--- Records provided ---

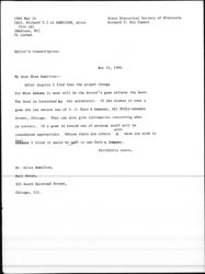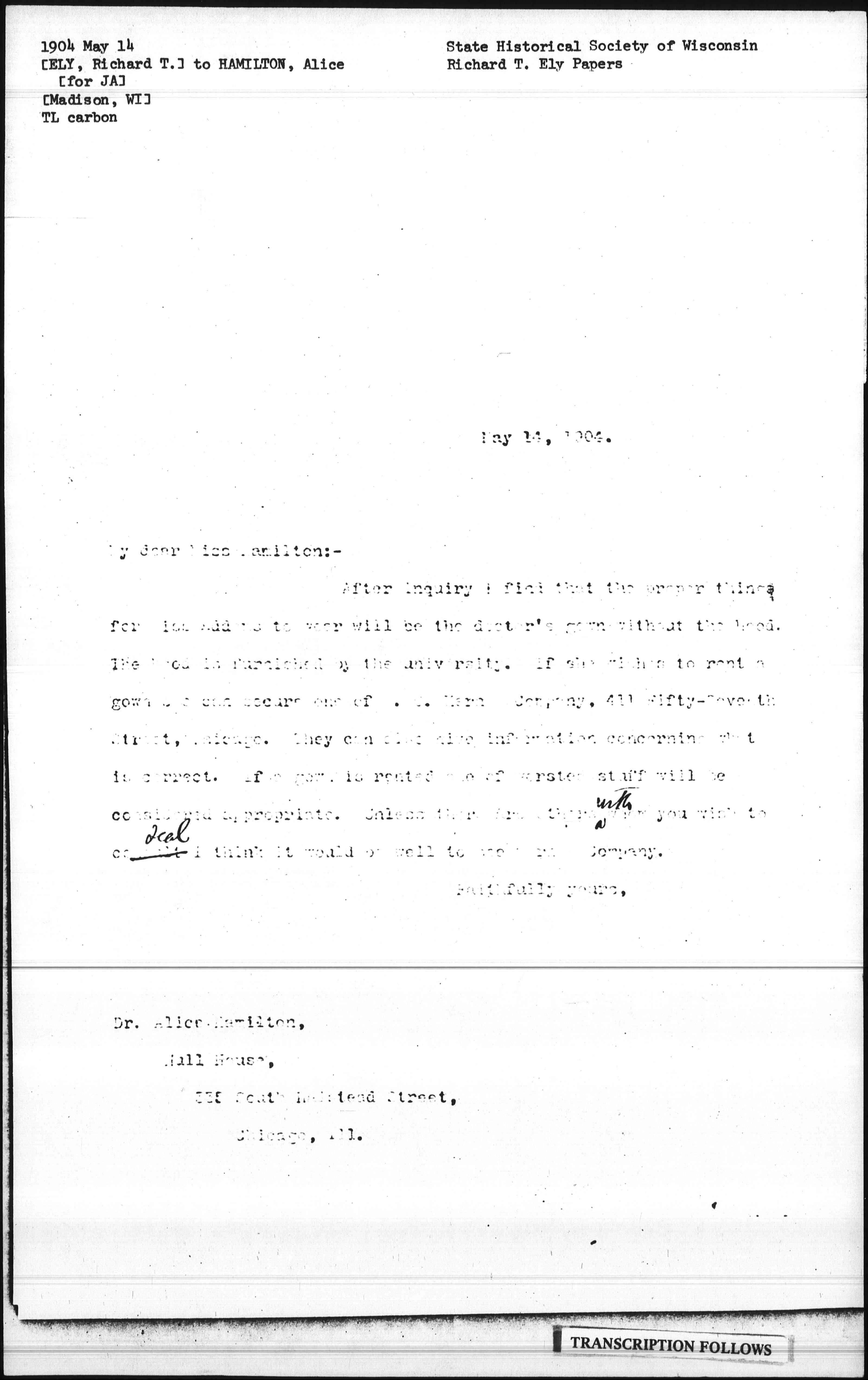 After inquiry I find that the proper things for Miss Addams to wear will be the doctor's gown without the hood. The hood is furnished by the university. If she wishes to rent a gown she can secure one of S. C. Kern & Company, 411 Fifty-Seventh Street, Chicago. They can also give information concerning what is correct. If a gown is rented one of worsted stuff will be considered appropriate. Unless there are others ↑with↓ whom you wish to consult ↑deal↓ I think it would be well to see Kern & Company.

---
--- Records provided ---

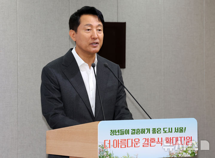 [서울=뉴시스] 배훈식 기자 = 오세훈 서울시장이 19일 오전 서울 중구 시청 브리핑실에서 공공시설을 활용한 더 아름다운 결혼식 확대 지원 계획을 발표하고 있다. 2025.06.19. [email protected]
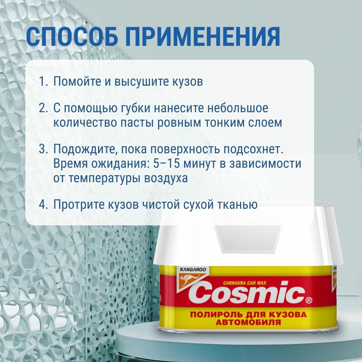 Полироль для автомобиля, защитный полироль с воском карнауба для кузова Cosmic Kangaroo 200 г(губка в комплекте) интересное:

---

● **What to do**: Text only, no pictures: please print exactly the lines above from the line with "[서울=뉴시스] 배훈식 기자" up to and including the line with "Полироль для автомобиля, защитный", and nothing else.

● **Written answer**:
 [서울=뉴시스] 배훈식 기자 = 오세훈 서울시장이 19일 오전 서울 중구 시청 브리핑실에서 공공시설을 활용한 더 아름다운 결혼식 확대 지원 계획을 발표하고 있다. 2025.06.19. [email protected]
 Полироль для автомобиля, защитный полироль с воском карнауба для кузова Cosmic Kangaroo 200 г(губка в комплекте) интересное:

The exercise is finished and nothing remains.